■ **PROBLEM DESCRIPTION**
Output, exactly as written, the lines below from the one that has "豚丼、みそ汁、ゆかり和え、みそ汁、牛乳、お祝いいちごゼリー" through the one that has "Du kan börja"; nothing else, and no pictures.

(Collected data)
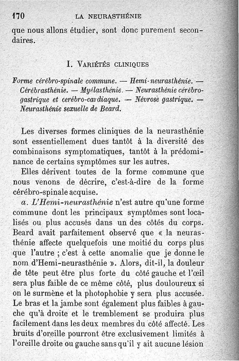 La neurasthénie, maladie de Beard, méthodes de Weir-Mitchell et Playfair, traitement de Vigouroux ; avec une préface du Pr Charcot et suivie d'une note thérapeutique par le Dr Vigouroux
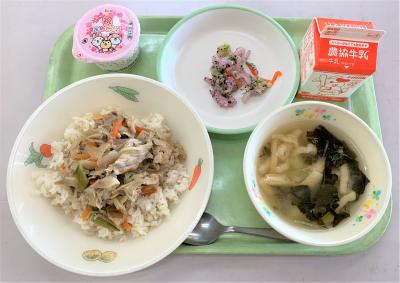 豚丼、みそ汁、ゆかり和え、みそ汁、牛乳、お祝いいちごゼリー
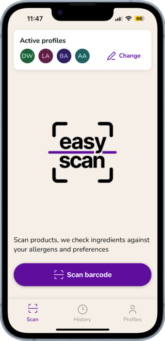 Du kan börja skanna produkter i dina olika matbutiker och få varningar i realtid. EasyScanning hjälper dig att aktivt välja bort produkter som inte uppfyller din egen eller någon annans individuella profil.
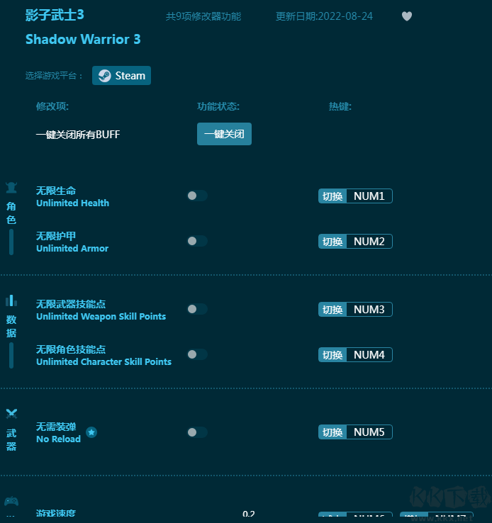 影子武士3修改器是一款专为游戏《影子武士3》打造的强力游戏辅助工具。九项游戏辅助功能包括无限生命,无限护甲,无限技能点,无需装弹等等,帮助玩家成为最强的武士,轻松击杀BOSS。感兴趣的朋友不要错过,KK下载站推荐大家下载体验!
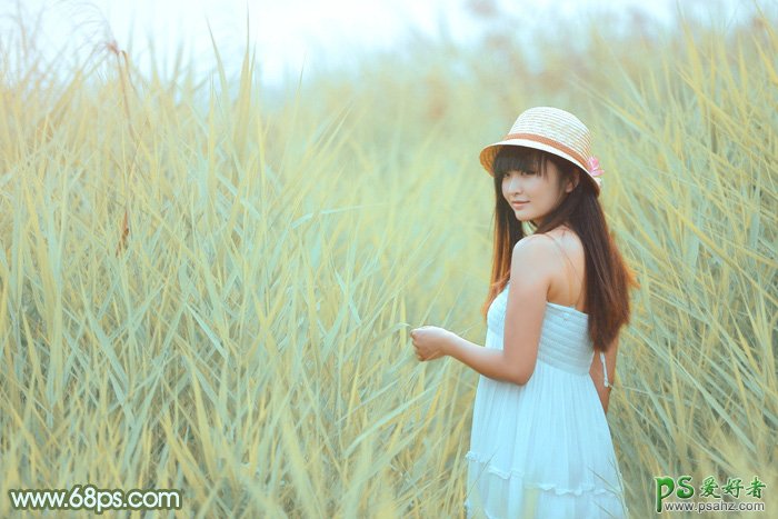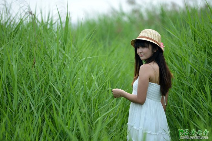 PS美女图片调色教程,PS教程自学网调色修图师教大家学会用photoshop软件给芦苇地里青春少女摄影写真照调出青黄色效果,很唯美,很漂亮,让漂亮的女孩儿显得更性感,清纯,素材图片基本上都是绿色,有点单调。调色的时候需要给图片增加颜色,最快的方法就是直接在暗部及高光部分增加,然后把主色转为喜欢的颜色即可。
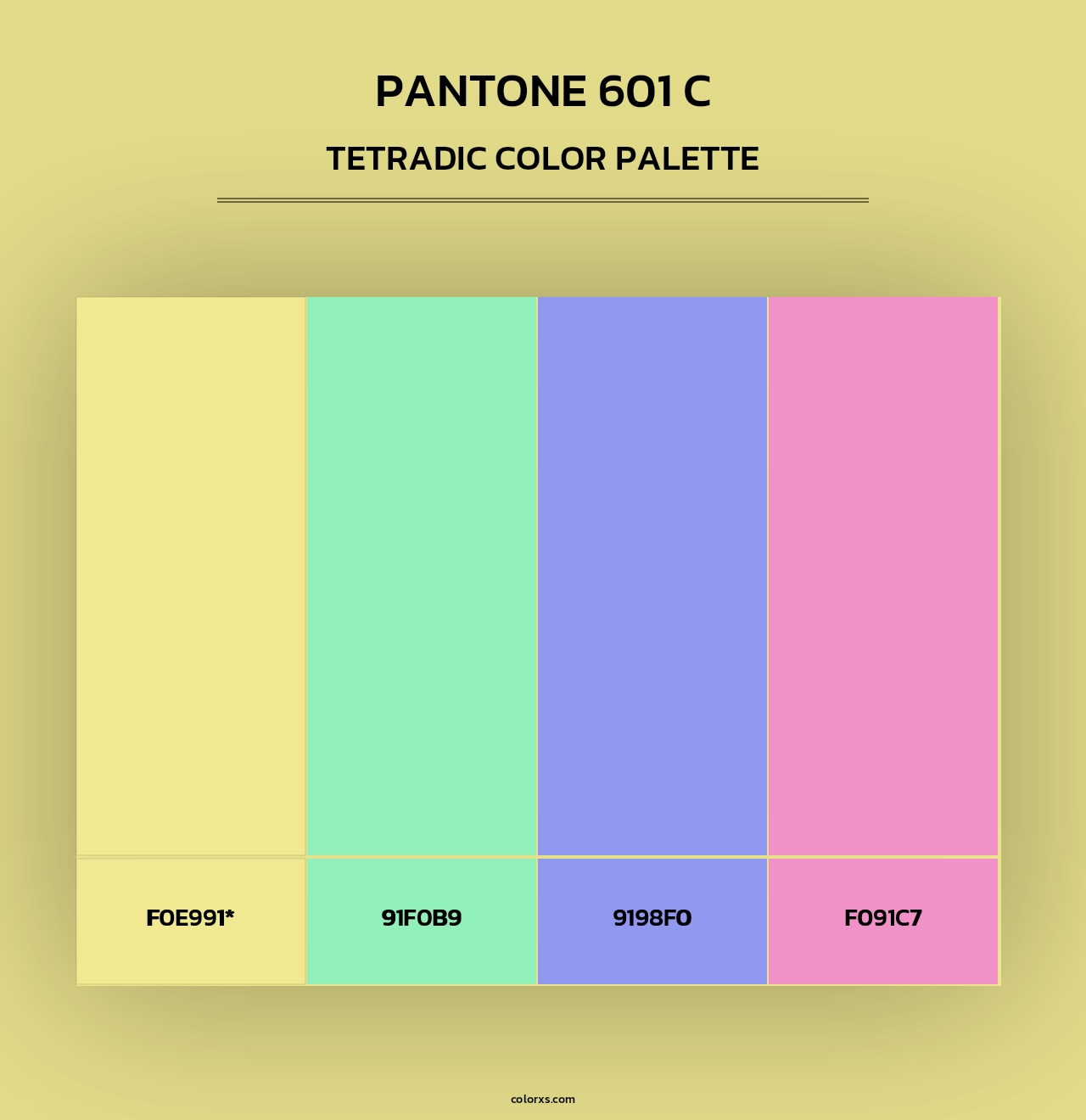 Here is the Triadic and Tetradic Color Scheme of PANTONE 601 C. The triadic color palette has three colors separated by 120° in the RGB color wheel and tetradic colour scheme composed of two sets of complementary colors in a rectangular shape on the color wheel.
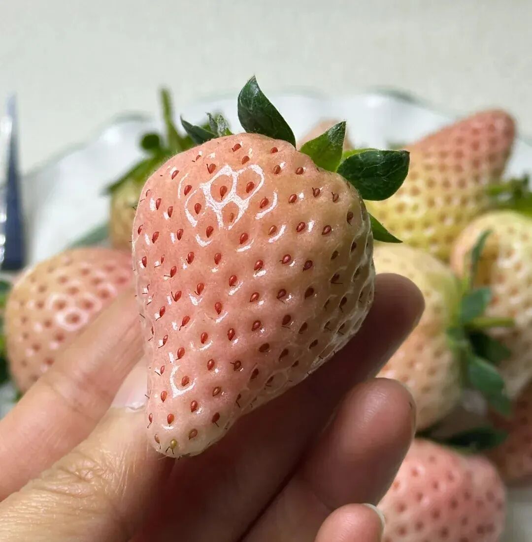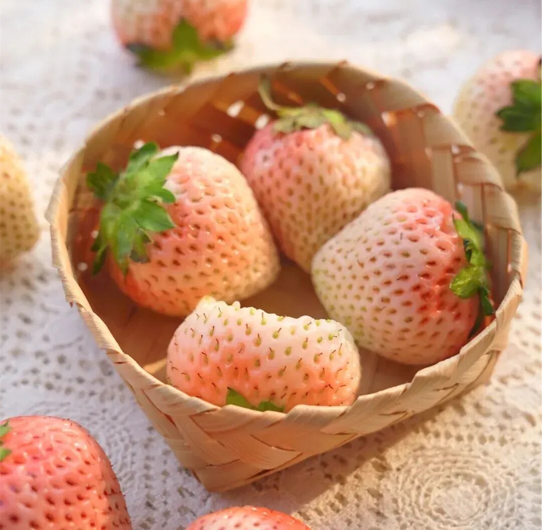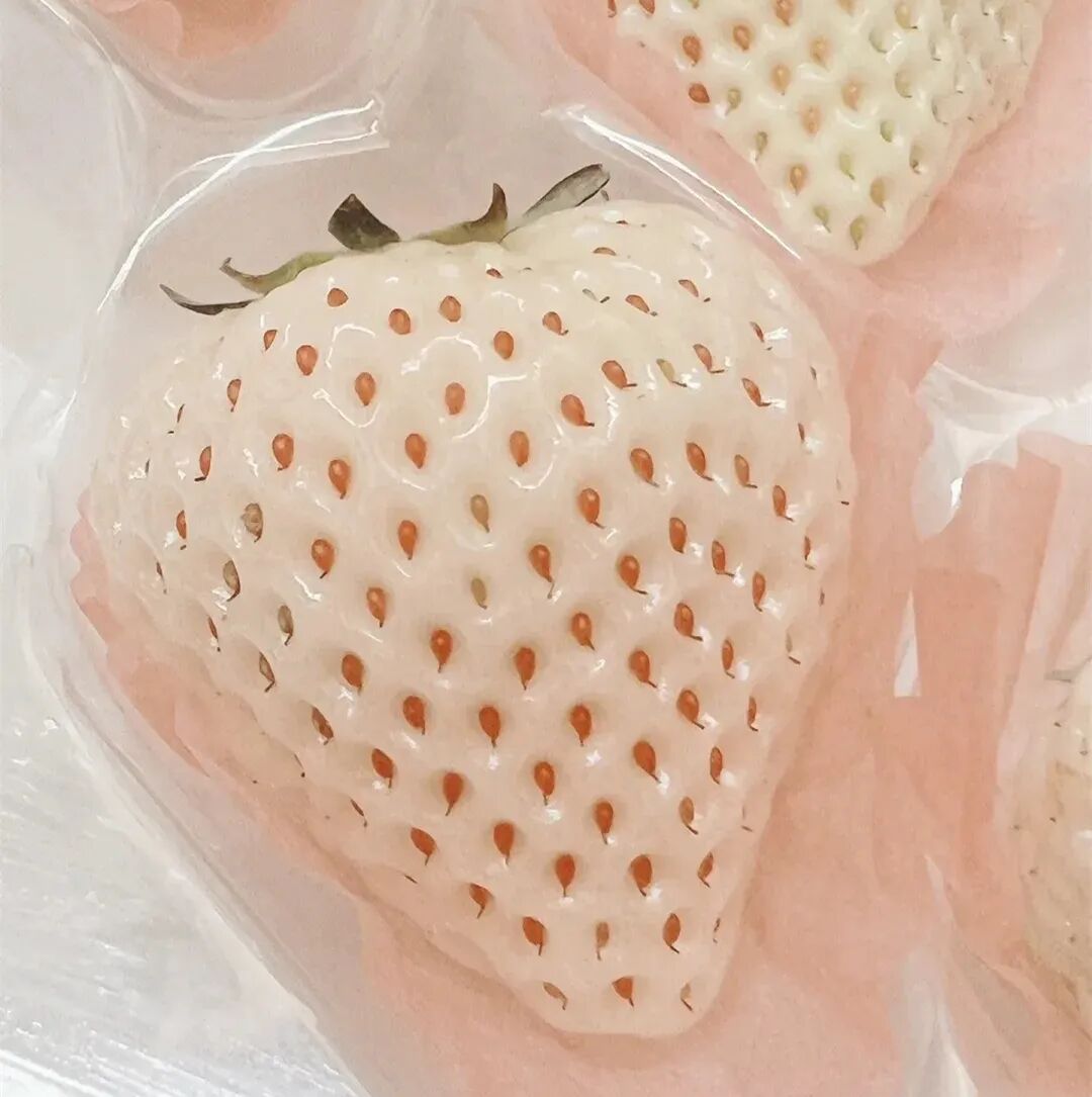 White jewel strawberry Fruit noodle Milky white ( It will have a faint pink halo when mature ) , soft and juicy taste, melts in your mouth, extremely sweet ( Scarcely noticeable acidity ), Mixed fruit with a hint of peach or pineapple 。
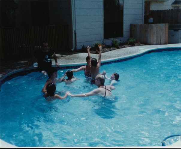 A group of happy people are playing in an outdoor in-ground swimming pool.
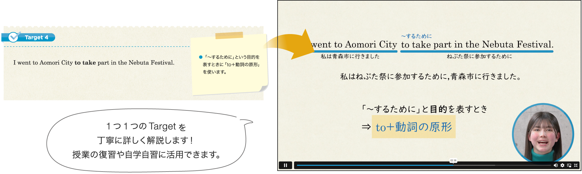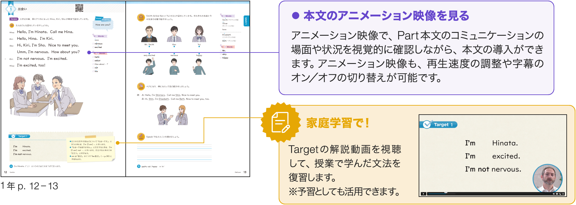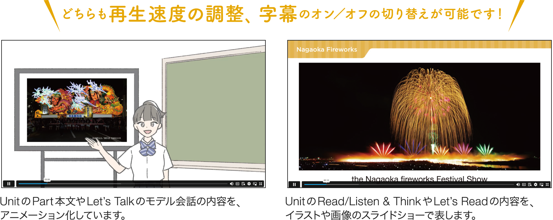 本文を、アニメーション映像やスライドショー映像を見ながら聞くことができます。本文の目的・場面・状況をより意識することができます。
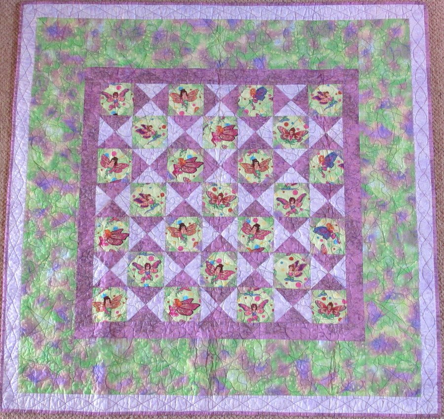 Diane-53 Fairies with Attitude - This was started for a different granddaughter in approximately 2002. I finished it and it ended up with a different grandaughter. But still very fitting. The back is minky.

■ **RESPONSE TO THIS EXERCISE**
 豚丼、みそ汁、ゆかり和え、みそ汁、牛乳、お祝いいちごゼリー
 Du kan börja skanna produkter i dina olika matbutiker och få varningar i realtid. EasyScanning hjälper dig att aktivt välja bort produkter som inte uppfyller din egen eller någon annans individuella profil.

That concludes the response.